_TASK INPUTS:_
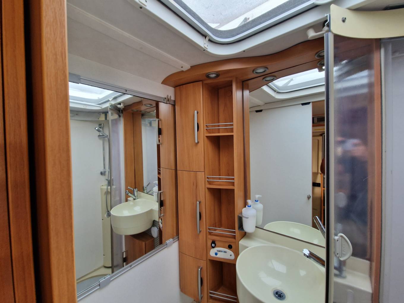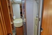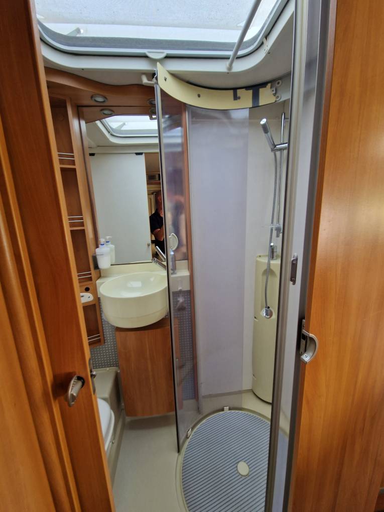 A large washroom sits in the rear corner with vanity sink unit, cassette toilet and enclosed shower cubicle.
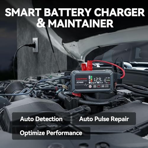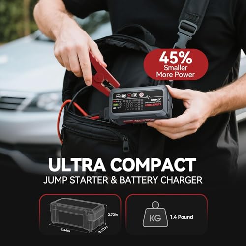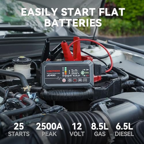 Specification: LOKITHOR JC400 9-in-1 Battery Charger and Jump Starter, 2500A 12V Portable Jump Box for Car Upto 8.5L Gas/6.5L Diesel, 750mA/1A/2A, 6V/12V Automotive Battery Maintainer, Trickle Charger and Desulfator
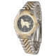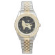 Eine glänzende goldene Silhouette Bernese Mountain Dog ist das Herzstück dieser eleganten Uhr. Das Hundebild wird durch die Zuordnung von Goldzahlen gerahmt, und das drei Buchstaben-Monogramm ist oben rechts. Alles wird auf einem dramatischen schwarzen Hintergrund platziert. Ideal für alle, die einen Berner Lieben.
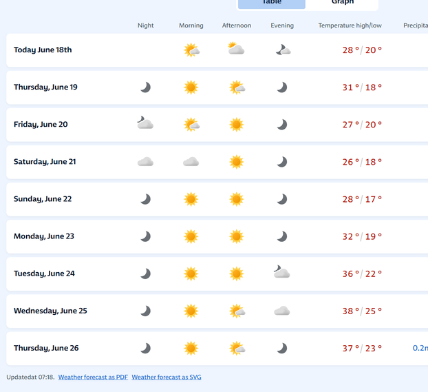 U Zagrebu bi tako moglo pržiti na 35 °C, Split na 33 °C, a istok Hrvatske i do 36 °C. Ako je vjerovati stranici yr.no, u Zagrebu bi u srijedu mogla temperatura porasti i na 38.
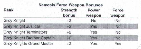 Right, well, got a question about what I believe is a fundamental aspect of a Daemonhunter army. I don't believe I fully understand the chart called the Nemesis Force Weapon bonus chart. (See Below)
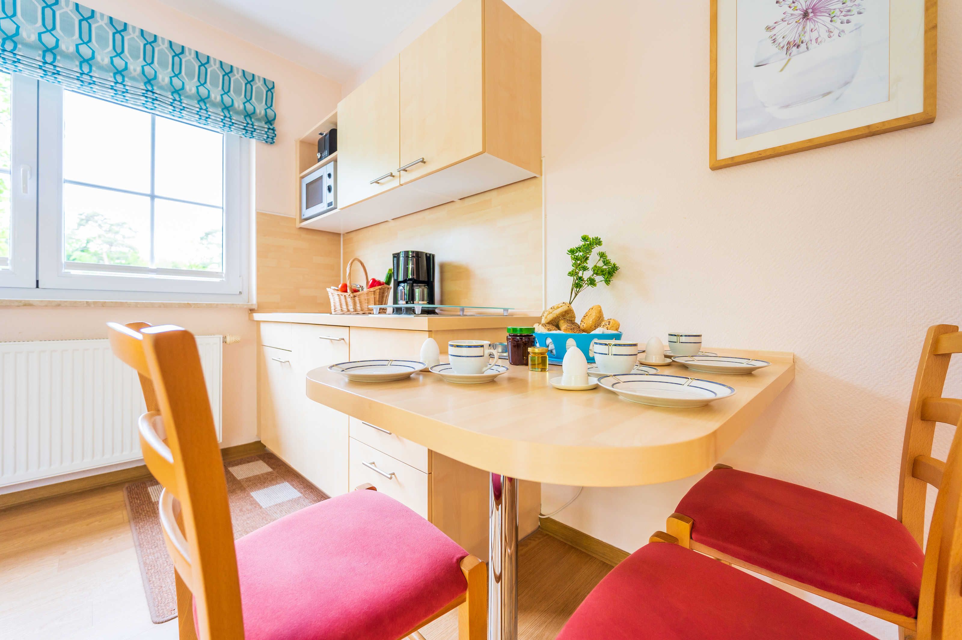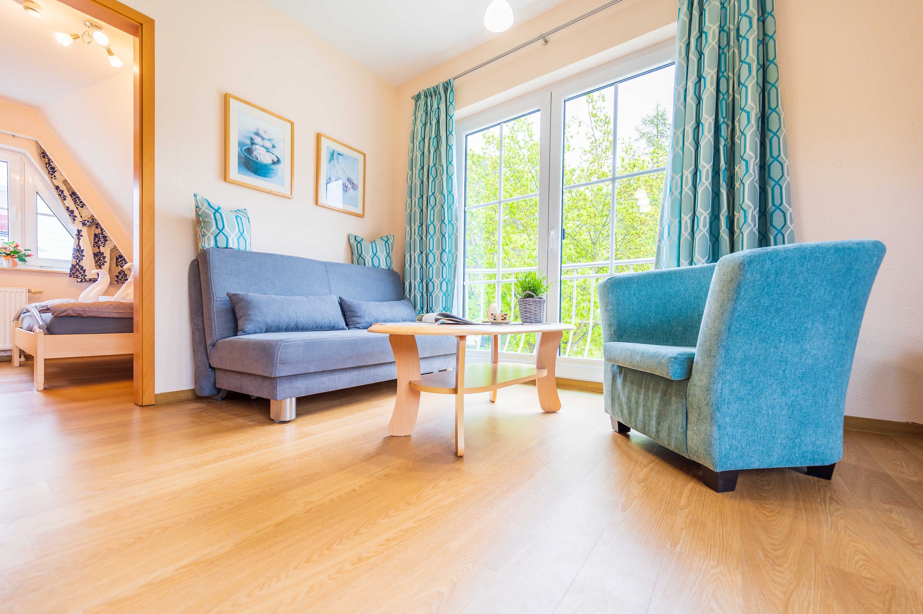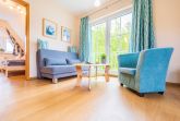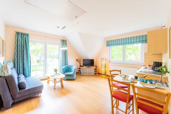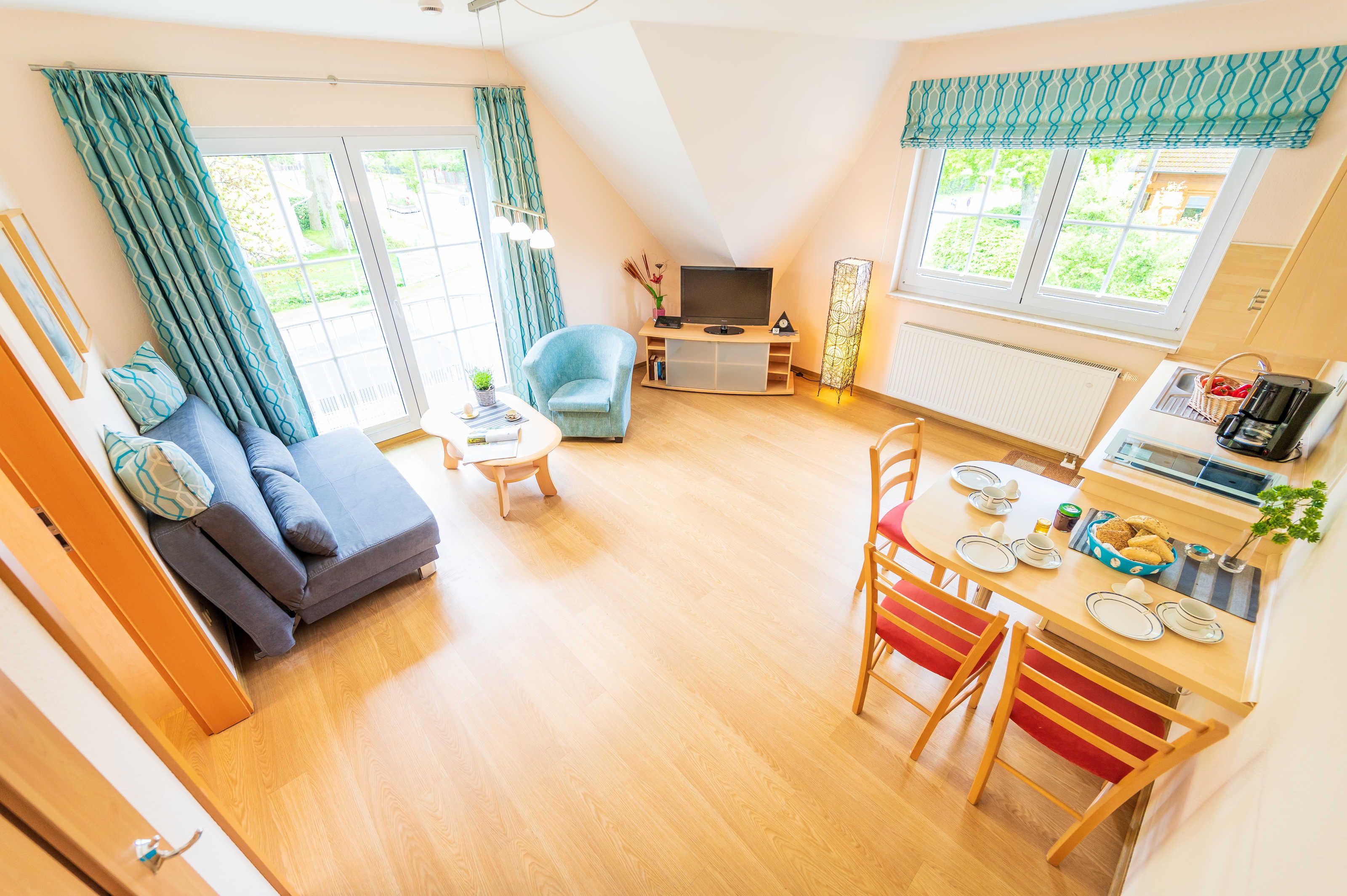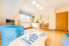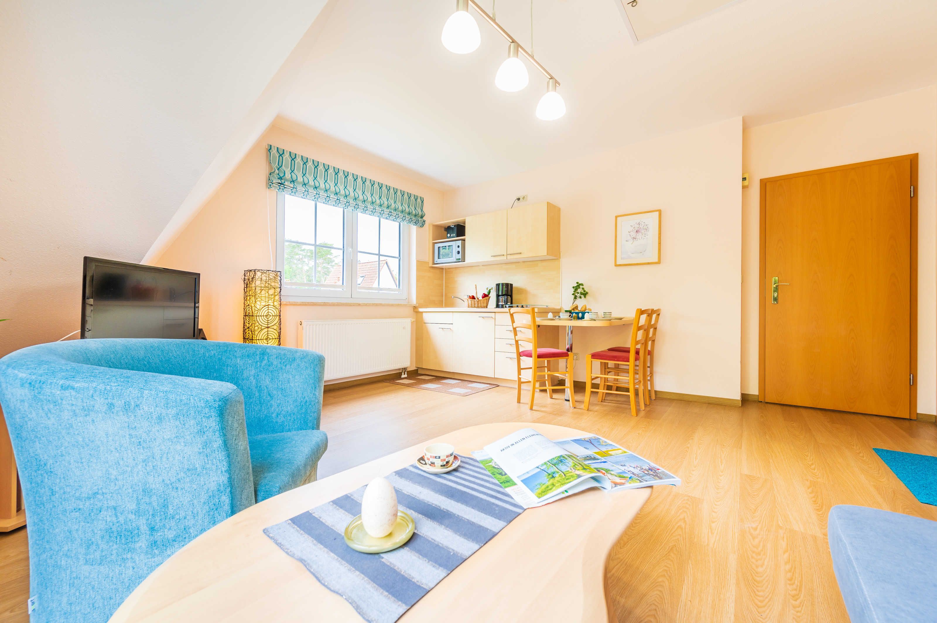 Das Nichtraucher-Appartement 1 im 1.OG/DG, ist individuell sehr wohnlich und gemütlich eingerichtet. Die ca 30 m² große Wohnung ist für max. 2 Personen ausgerichtet und verfügt über einen Wohnraum und Schlafraum sowie DU/WC. Im Wohnbereich befindet sich eine bequeme Couch und Sessel ,TV, Eßbereich sowie eine kleine Küchenzeile ausgestattet mit 2-Platten Cerankochfeld,Kühlschrank,Microwelle und diversen Kleingeräten. Schlafraum mit Boxspringbett (1,60m x 2.00m) und Kleiderschrank. Terrasse zur gemeinsamen Nutzung. PKW-Stellplatz auf dem Grundstück. Fahrräder können in der abschließbaren Garage untergebracht werden.
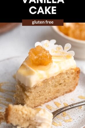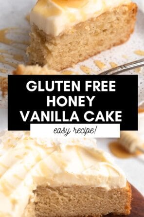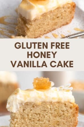 This recipe is perfect for an at home birthday or smaller celebration since it makes just one 8 inch cake. I love it with a drizzle of honey on top but you can also top it with fresh berries in the summer for a different twist! If you love this recipe, try my gluten free vanilla cake next.
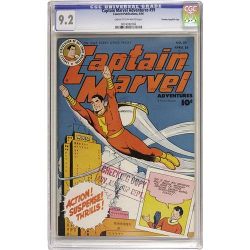 <B>Captain Marvel Adventures #59 Crowley Copy/File Copy (Fawcett, 1946) CGC NM- 9.2 Cream to off-white pages.</B></I> Checking Copy stamp on cover. Overstreet 2006 NM- 9.2 value = $375. CGC census 10/06: 2 in 9.2, none higher.<BR><BR><b>Shipping:</b> Slabbed Comic (<a target="_blank" href="http://www.heritageauctions.com/common/shipping.php">view shipping information</a>)
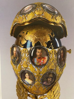 Каждое из яйц Фаберже имеет свою историю. Одно из них изготовлено в 1913 году и посвящено 300-летнему юбилею Дома Романовых. Яйцо украшают портреты российских монархов от Михаила Романова до Николая II.

_WHAT THE TASK ASKS:_
Would you transcribe all of the entries above exactly, minus the images?

_TASK OUTPUT:_
 A large washroom sits in the rear corner with vanity sink unit, cassette toilet and enclosed shower cubicle.
 Specification: LOKITHOR JC400 9-in-1 Battery Charger and Jump Starter, 2500A 12V Portable Jump Box for Car Upto 8.5L Gas/6.5L Diesel, 750mA/1A/2A, 6V/12V Automotive Battery Maintainer, Trickle Charger and Desulfator
 Eine glänzende goldene Silhouette Bernese Mountain Dog ist das Herzstück dieser eleganten Uhr. Das Hundebild wird durch die Zuordnung von Goldzahlen gerahmt, und das drei Buchstaben-Monogramm ist oben rechts. Alles wird auf einem dramatischen schwarzen Hintergrund platziert. Ideal für alle, die einen Berner Lieben.
 U Zagrebu bi tako moglo pržiti na 35 °C, Split na 33 °C, a istok Hrvatske i do 36 °C. Ako je vjerovati stranici yr.no, u Zagrebu bi u srijedu mogla temperatura porasti i na 38.
 Right, well, got a question about what I believe is a fundamental aspect of a Daemonhunter army. I don't believe I fully understand the chart called the Nemesis Force Weapon bonus chart. (See Below)
 Das Nichtraucher-Appartement 1 im 1.OG/DG, ist individuell sehr wohnlich und gemütlich eingerichtet. Die ca 30 m² große Wohnung ist für max. 2 Personen ausgerichtet und verfügt über einen Wohnraum und Schlafraum sowie DU/WC. Im Wohnbereich befindet sich eine bequeme Couch und Sessel ,TV, Eßbereich sowie eine kleine Küchenzeile ausgestattet mit 2-Platten Cerankochfeld,Kühlschrank,Microwelle und diversen Kleingeräten. Schlafraum mit Boxspringbett (1,60m x 2.00m) und Kleiderschrank. Terrasse zur gemeinsamen Nutzung. PKW-Stellplatz auf dem Grundstück. Fahrräder können in der abschließbaren Garage untergebracht werden.
 This recipe is perfect for an at home birthday or smaller celebration since it makes just one 8 inch cake. I love it with a drizzle of honey on top but you can also top it with fresh berries in the summer for a different twist! If you love this recipe, try my gluten free vanilla cake next.
 <B>Captain Marvel Adventures #59 Crowley Copy/File Copy (Fawcett, 1946) CGC NM- 9.2 Cream to off-white pages.</B></I> Checking Copy stamp on cover. Overstreet 2006 NM- 9.2 value = $375. CGC census 10/06: 2 in 9.2, none higher.<BR><BR><b>Shipping:</b> Slabbed Comic (<a target="_blank" href="http://www.heritageauctions.com/common/shipping.php">view shipping information</a>)
 Каждое из яйц Фаберже имеет свою историю. Одно из них изготовлено в 1913 году и посвящено 300-летнему юбилею Дома Романовых. Яйцо украшают портреты российских монархов от Михаила Романова до Николая II.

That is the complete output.